● **Task item**:
Omit the images and reproduce the rest of the entries exactly.

● **Dataset extract**:
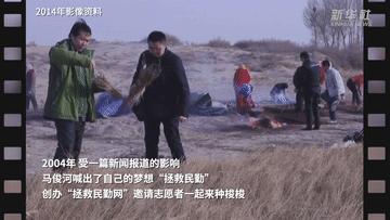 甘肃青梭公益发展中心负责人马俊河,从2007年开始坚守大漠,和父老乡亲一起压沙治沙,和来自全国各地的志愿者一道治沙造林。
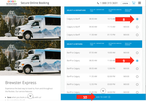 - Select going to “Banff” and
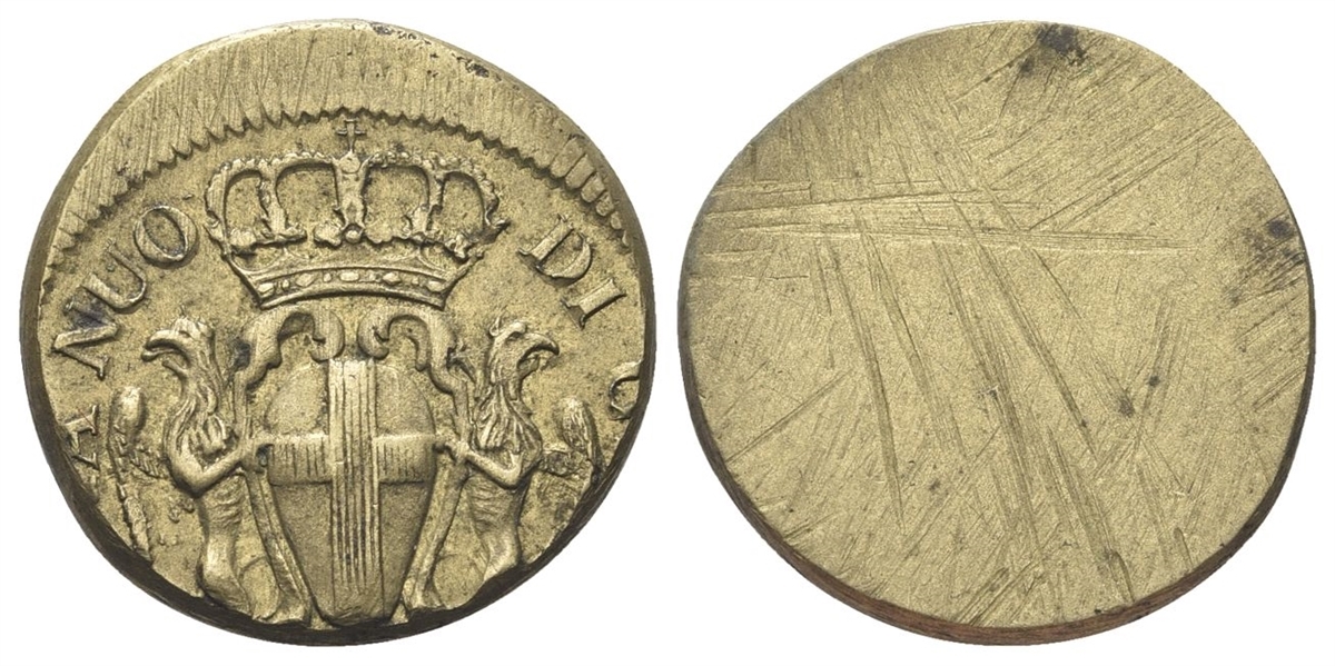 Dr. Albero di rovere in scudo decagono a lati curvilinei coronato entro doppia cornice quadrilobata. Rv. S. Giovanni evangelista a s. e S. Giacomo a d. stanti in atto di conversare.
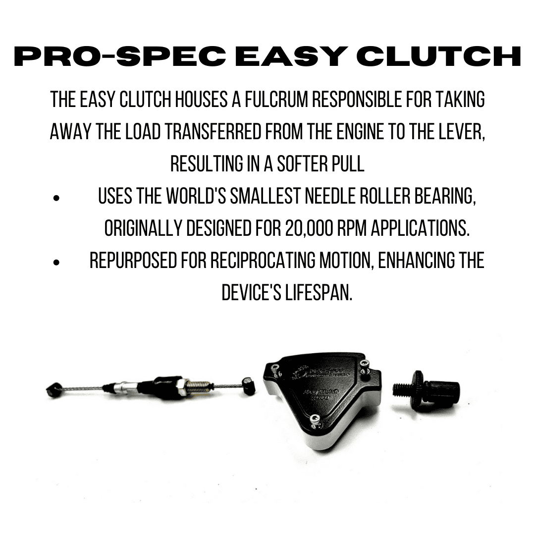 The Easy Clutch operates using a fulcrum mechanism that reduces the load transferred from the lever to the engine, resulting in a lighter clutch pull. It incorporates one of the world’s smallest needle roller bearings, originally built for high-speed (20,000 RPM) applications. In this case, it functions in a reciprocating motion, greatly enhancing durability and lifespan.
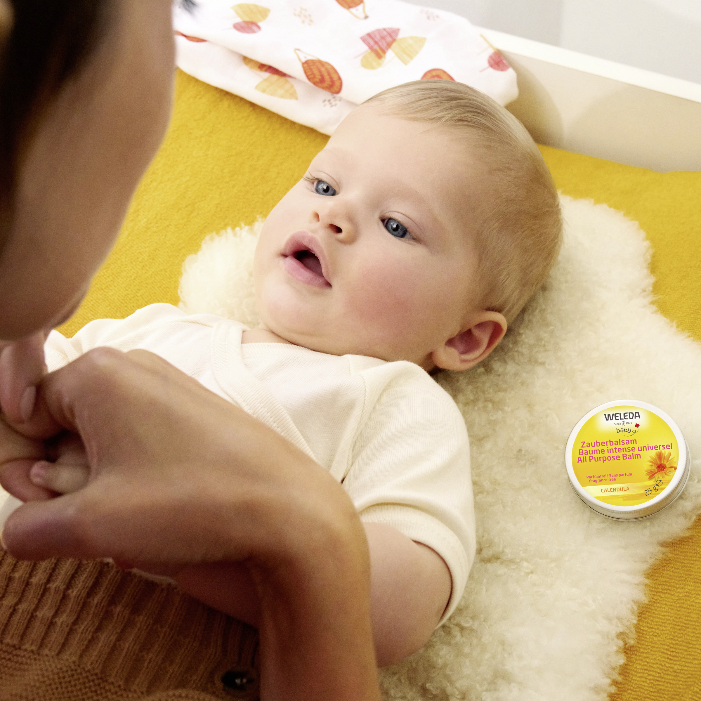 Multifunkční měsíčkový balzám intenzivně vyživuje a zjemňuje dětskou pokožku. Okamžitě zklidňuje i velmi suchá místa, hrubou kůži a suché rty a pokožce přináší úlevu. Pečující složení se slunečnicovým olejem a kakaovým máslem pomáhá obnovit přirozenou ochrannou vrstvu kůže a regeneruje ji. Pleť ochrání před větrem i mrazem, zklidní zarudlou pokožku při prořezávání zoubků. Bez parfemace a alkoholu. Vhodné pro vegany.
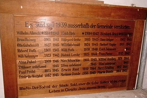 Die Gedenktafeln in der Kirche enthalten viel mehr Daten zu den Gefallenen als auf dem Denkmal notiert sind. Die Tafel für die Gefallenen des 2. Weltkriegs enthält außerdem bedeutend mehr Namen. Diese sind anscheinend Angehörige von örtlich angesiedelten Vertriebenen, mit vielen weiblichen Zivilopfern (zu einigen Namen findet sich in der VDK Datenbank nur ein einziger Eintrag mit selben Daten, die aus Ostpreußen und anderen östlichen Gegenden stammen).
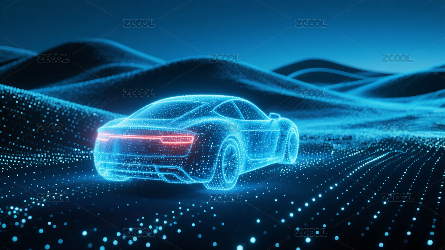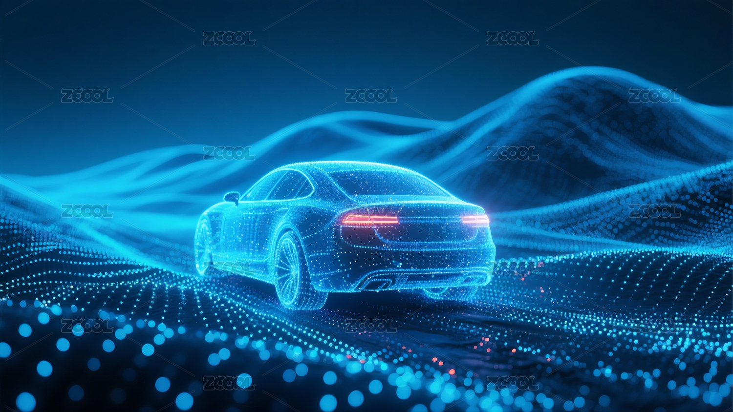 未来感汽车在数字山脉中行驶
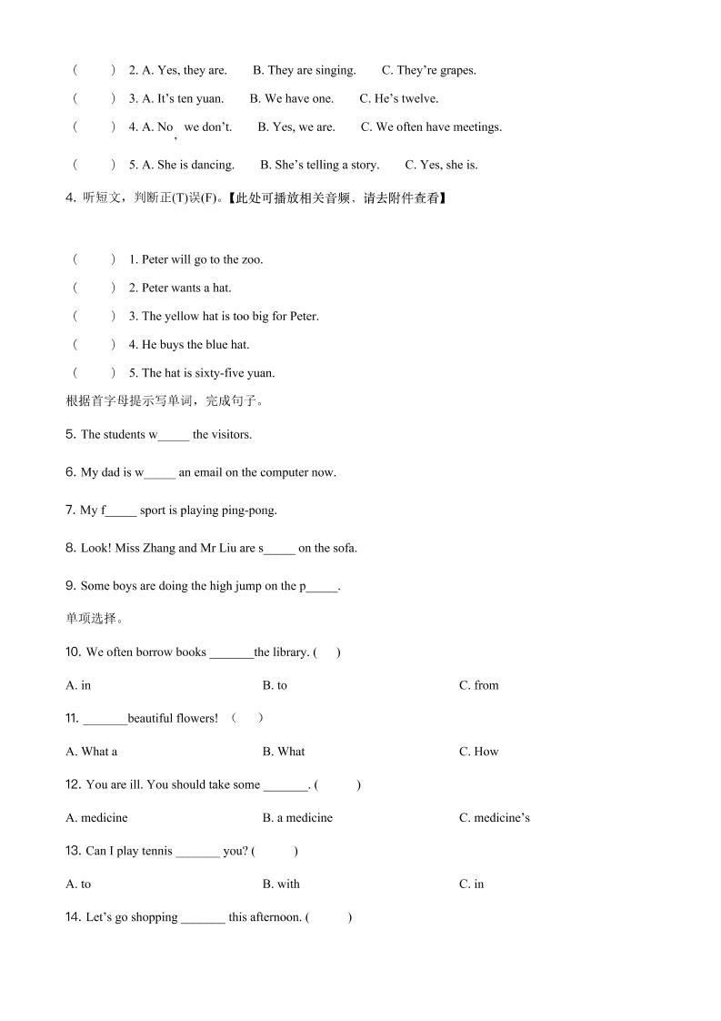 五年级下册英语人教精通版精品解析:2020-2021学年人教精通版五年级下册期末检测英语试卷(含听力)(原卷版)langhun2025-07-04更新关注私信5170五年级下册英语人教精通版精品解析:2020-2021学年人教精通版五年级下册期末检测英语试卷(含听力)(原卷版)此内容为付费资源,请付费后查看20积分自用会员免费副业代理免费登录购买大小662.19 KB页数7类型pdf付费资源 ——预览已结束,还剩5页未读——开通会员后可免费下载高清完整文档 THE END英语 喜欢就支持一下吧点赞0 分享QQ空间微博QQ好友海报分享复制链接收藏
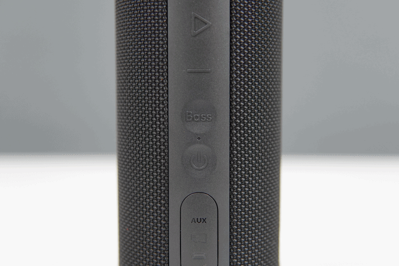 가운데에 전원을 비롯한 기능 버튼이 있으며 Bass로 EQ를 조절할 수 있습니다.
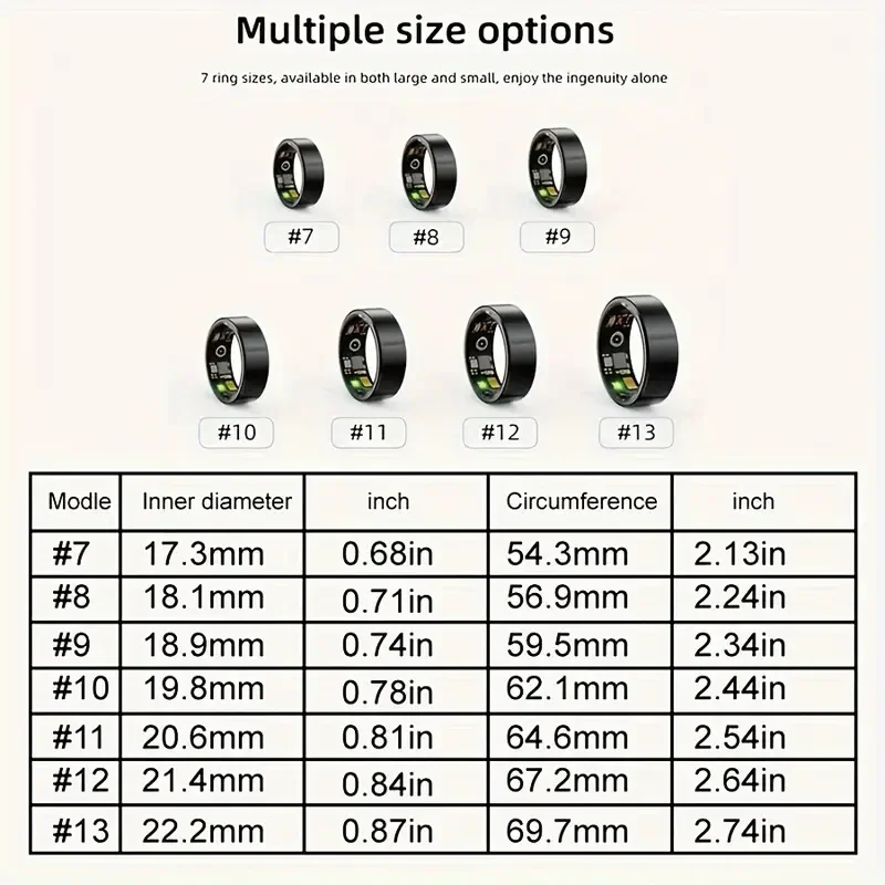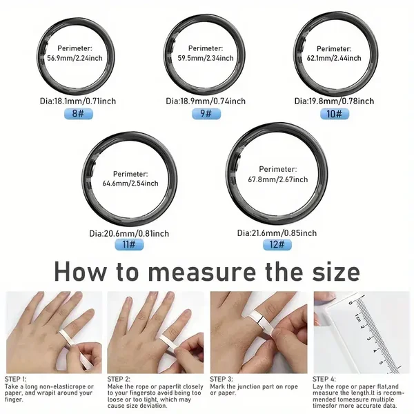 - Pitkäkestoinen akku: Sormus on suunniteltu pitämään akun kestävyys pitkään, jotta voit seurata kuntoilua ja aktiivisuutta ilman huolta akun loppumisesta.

● **Task response**:
 甘肃青梭公益发展中心负责人马俊河,从2007年开始坚守大漠,和父老乡亲一起压沙治沙,和来自全国各地的志愿者一道治沙造林。
 - Select going to “Banff” and
 Dr. Albero di rovere in scudo decagono a lati curvilinei coronato entro doppia cornice quadrilobata. Rv. S. Giovanni evangelista a s. e S. Giacomo a d. stanti in atto di conversare.
 The Easy Clutch operates using a fulcrum mechanism that reduces the load transferred from the lever to the engine, resulting in a lighter clutch pull. It incorporates one of the world’s smallest needle roller bearings, originally built for high-speed (20,000 RPM) applications. In this case, it functions in a reciprocating motion, greatly enhancing durability and lifespan.
 Multifunkční měsíčkový balzám intenzivně vyživuje a zjemňuje dětskou pokožku. Okamžitě zklidňuje i velmi suchá místa, hrubou kůži a suché rty a pokožce přináší úlevu. Pečující složení se slunečnicovým olejem a kakaovým máslem pomáhá obnovit přirozenou ochrannou vrstvu kůže a regeneruje ji. Pleť ochrání před větrem i mrazem, zklidní zarudlou pokožku při prořezávání zoubků. Bez parfemace a alkoholu. Vhodné pro vegany.
 Die Gedenktafeln in der Kirche enthalten viel mehr Daten zu den Gefallenen als auf dem Denkmal notiert sind. Die Tafel für die Gefallenen des 2. Weltkriegs enthält außerdem bedeutend mehr Namen. Diese sind anscheinend Angehörige von örtlich angesiedelten Vertriebenen, mit vielen weiblichen Zivilopfern (zu einigen Namen findet sich in der VDK Datenbank nur ein einziger Eintrag mit selben Daten, die aus Ostpreußen und anderen östlichen Gegenden stammen).
 未来感汽车在数字山脉中行驶
 五年级下册英语人教精通版精品解析:2020-2021学年人教精通版五年级下册期末检测英语试卷(含听力)(原卷版)langhun2025-07-04更新关注私信5170五年级下册英语人教精通版精品解析:2020-2021学年人教精通版五年级下册期末检测英语试卷(含听力)(原卷版)此内容为付费资源,请付费后查看20积分自用会员免费副业代理免费登录购买大小662.19 KB页数7类型pdf付费资源 ——预览已结束,还剩5页未读——开通会员后可免费下载高清完整文档 THE END英语 喜欢就支持一下吧点赞0 分享QQ空间微博QQ好友海报分享复制链接收藏
 가운데에 전원을 비롯한 기능 버튼이 있으며 Bass로 EQ를 조절할 수 있습니다.
 - Pitkäkestoinen akku: Sormus on suunniteltu pitämään akun kestävyys pitkään, jotta voit seurata kuntoilua ja aktiivisuutta ilman huolta akun loppumisesta.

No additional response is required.